DATA UNDER STUDY

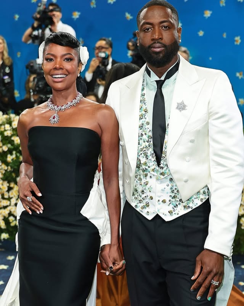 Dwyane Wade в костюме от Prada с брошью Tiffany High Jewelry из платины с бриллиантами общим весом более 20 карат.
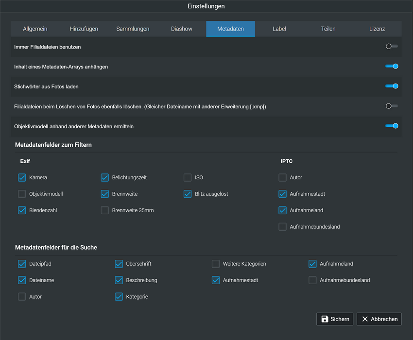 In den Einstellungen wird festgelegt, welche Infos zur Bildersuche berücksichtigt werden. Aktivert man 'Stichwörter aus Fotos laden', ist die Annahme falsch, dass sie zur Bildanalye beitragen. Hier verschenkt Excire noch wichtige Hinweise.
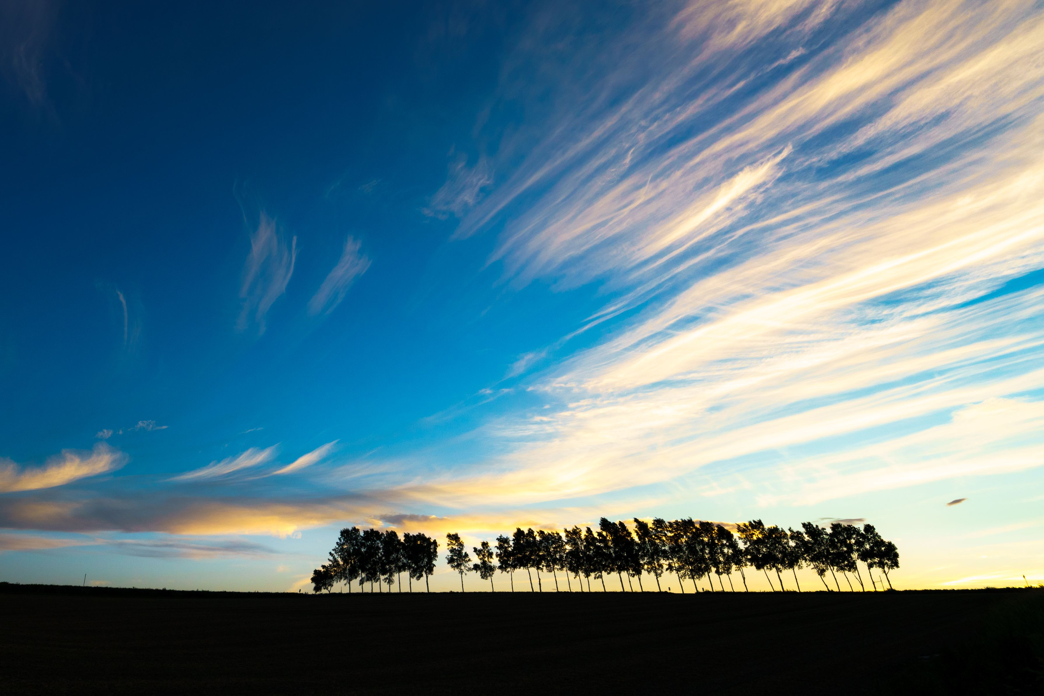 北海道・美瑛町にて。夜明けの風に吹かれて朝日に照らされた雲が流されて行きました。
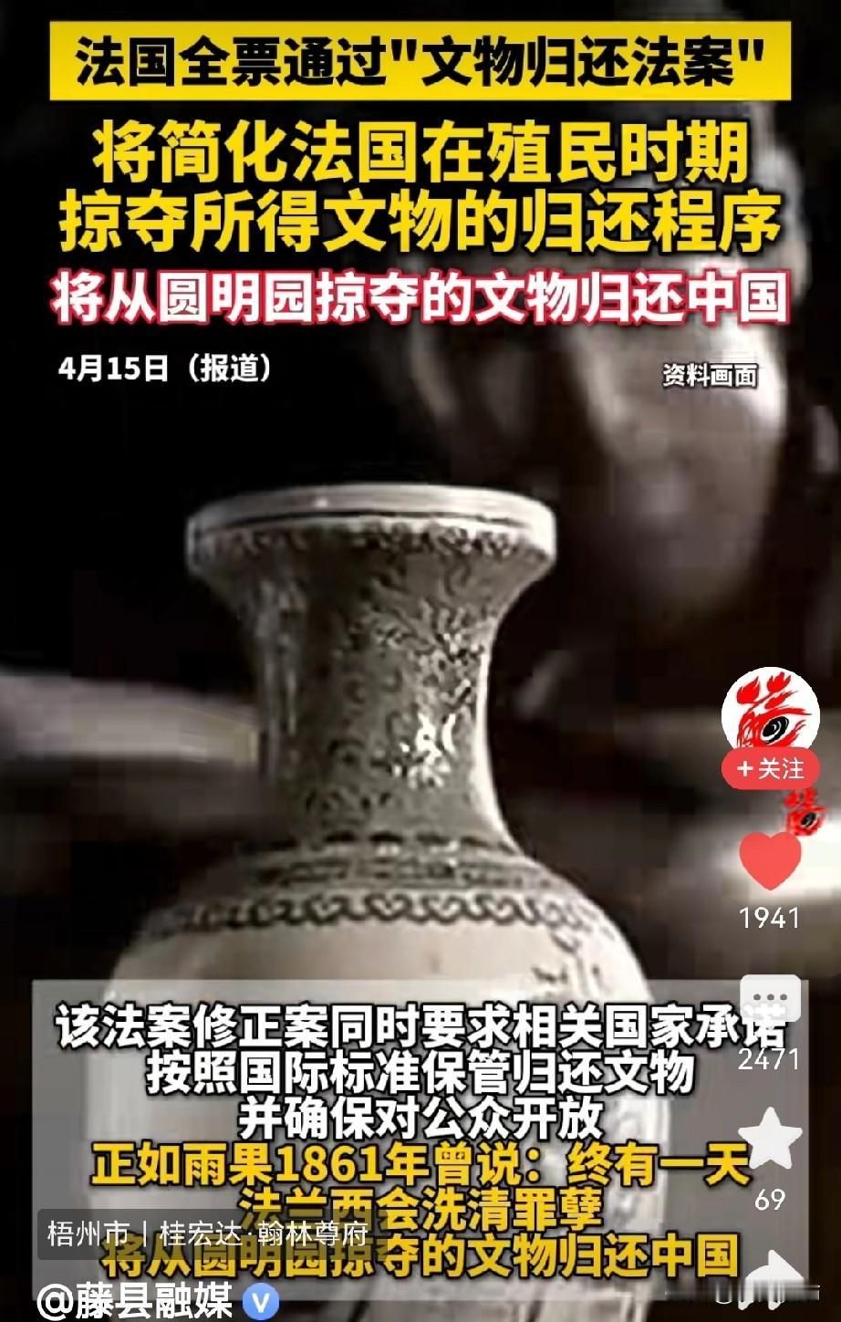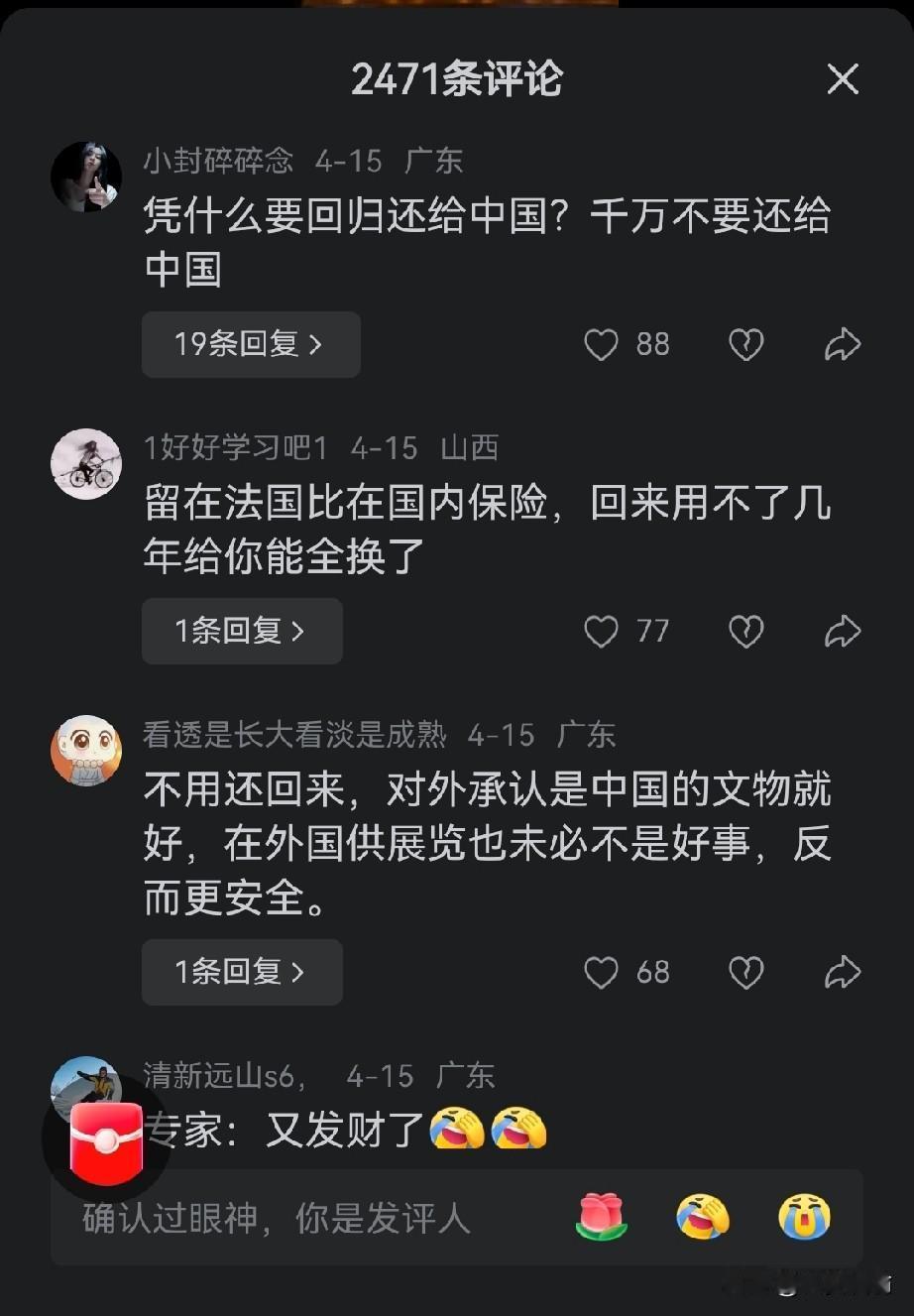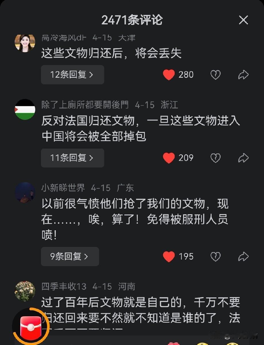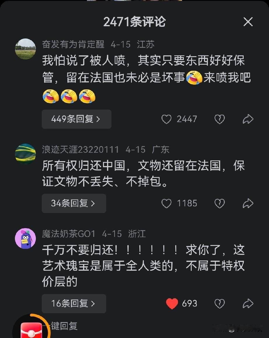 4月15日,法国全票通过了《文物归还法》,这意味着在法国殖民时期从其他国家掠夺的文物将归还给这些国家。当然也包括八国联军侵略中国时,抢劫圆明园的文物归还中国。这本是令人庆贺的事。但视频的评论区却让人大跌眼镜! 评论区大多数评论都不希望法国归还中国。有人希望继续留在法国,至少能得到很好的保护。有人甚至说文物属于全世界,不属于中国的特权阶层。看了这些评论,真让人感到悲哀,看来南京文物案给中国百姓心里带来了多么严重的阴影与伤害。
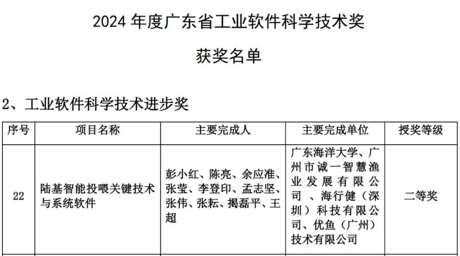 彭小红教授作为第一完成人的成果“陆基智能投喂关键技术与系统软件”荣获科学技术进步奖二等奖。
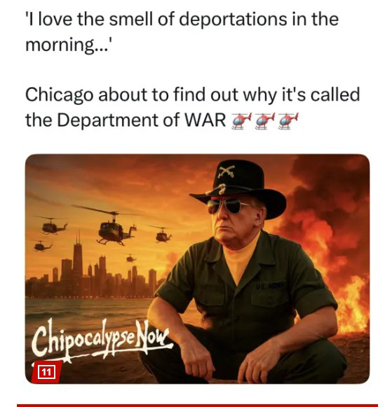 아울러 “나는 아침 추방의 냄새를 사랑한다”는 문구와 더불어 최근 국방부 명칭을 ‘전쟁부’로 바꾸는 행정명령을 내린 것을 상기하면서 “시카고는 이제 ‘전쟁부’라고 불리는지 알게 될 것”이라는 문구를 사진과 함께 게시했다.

==

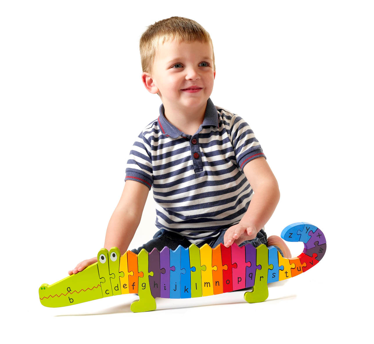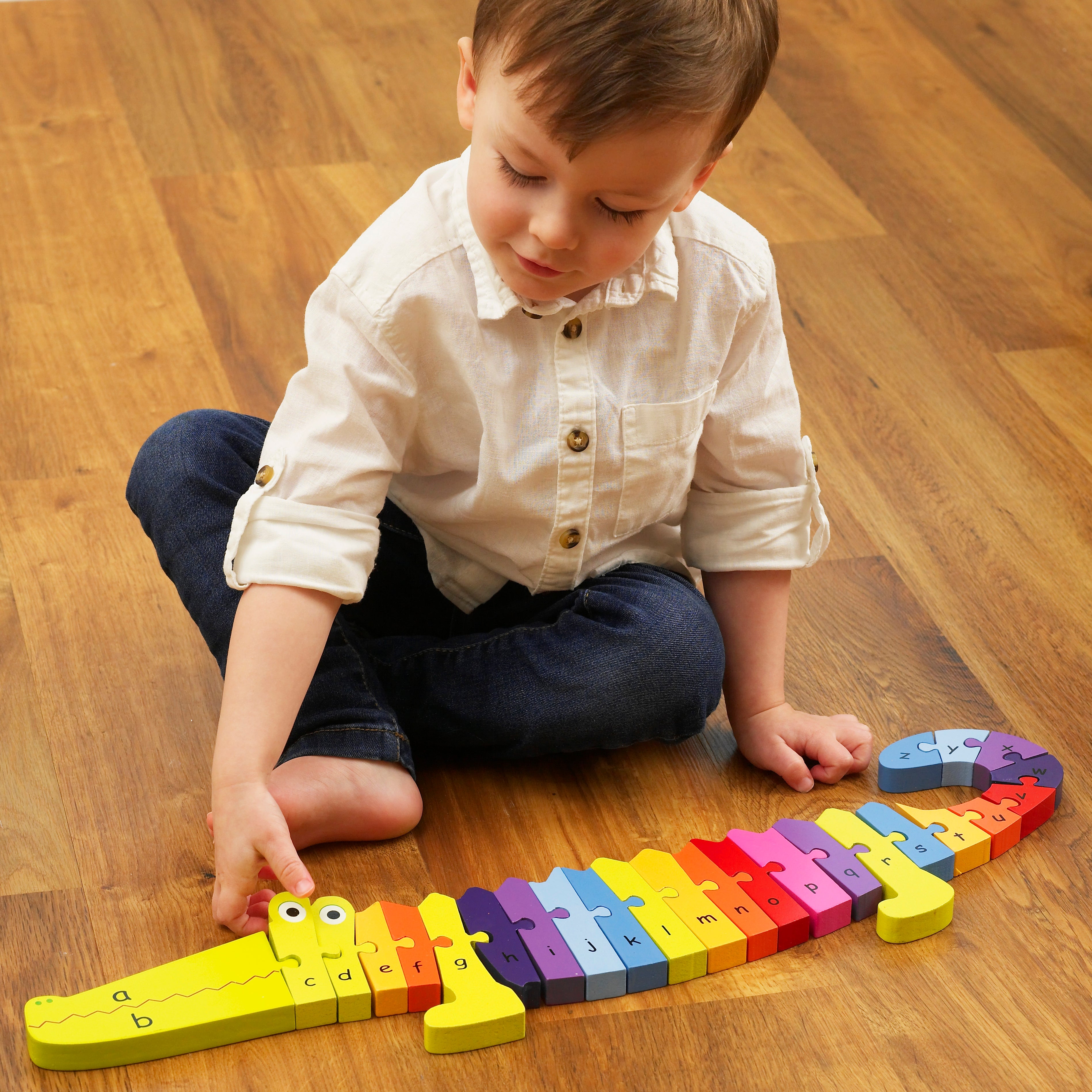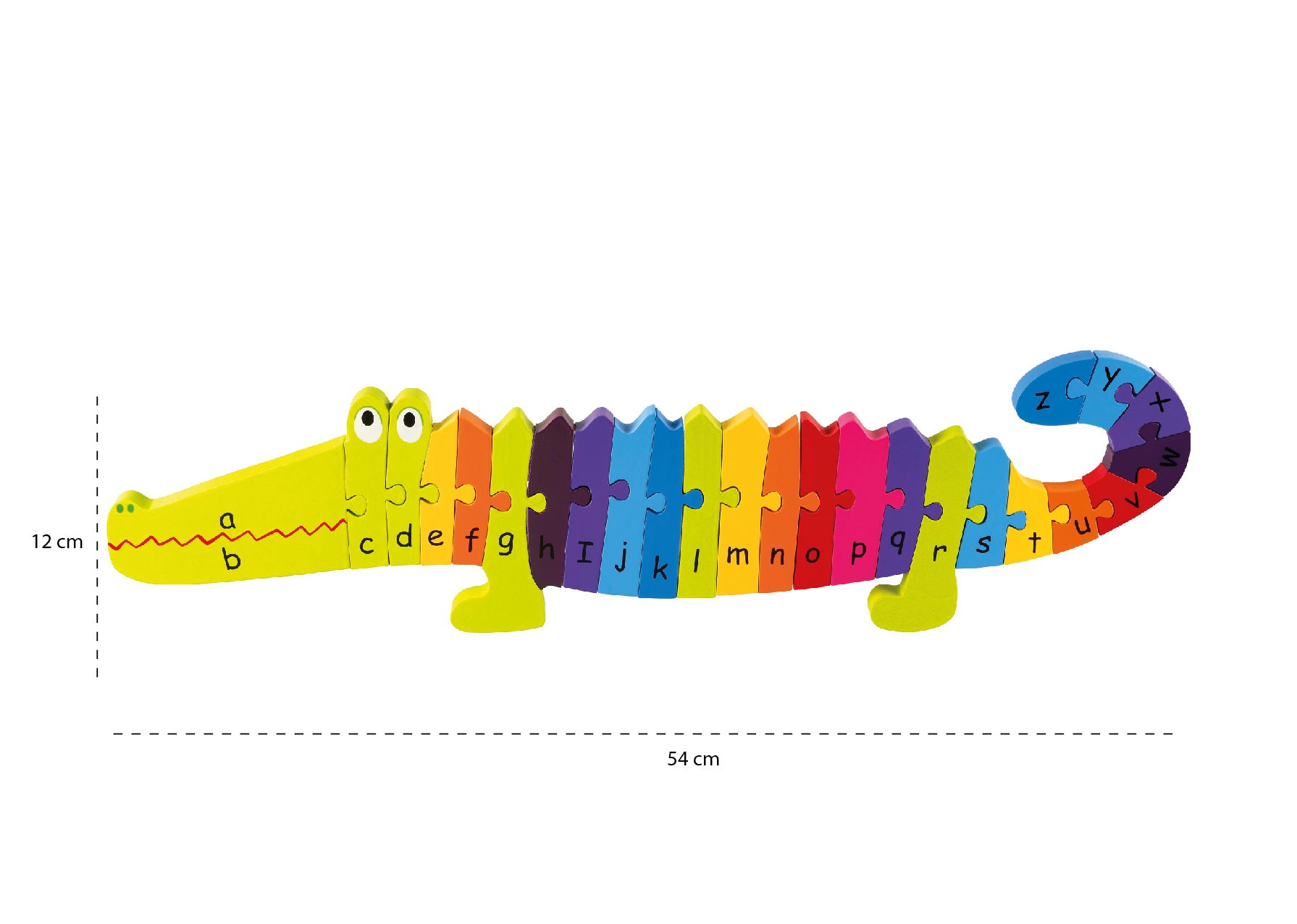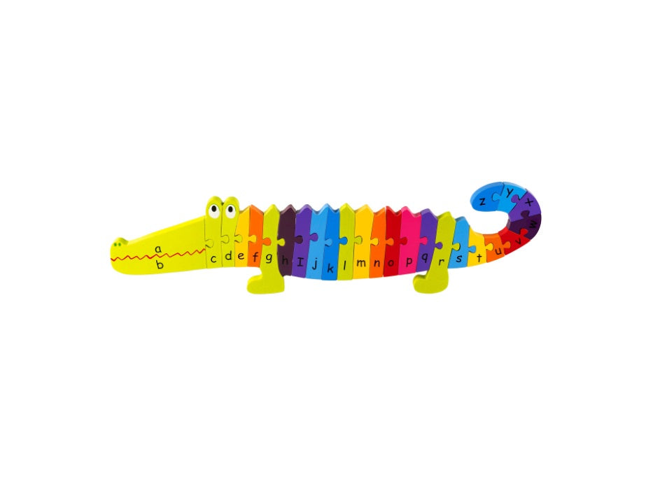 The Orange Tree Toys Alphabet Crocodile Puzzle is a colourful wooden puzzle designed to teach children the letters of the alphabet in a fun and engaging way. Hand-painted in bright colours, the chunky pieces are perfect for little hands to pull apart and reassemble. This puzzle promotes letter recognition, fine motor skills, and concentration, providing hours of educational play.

TASK INSTRUCTIONS
Everything from the line above that contains "In den Einstellungen" down to the line that contains "4月15日,法国全票通过了《" must be reproduced exactly, both ends included. Omit the pictures.

RESULT
 In den Einstellungen wird festgelegt, welche Infos zur Bildersuche berücksichtigt werden. Aktivert man 'Stichwörter aus Fotos laden', ist die Annahme falsch, dass sie zur Bildanalye beitragen. Hier verschenkt Excire noch wichtige Hinweise.
 北海道・美瑛町にて。夜明けの風に吹かれて朝日に照らされた雲が流されて行きました。
 4月15日,法国全票通过了《文物归还法》,这意味着在法国殖民时期从其他国家掠夺的文物将归还给这些国家。当然也包括八国联军侵略中国时,抢劫圆明园的文物归还中国。这本是令人庆贺的事。但视频的评论区却让人大跌眼镜! 评论区大多数评论都不希望法国归还中国。有人希望继续留在法国,至少能得到很好的保护。有人甚至说文物属于全世界,不属于中国的特权阶层。看了这些评论,真让人感到悲哀,看来南京文物案给中国百姓心里带来了多么严重的阴影与伤害。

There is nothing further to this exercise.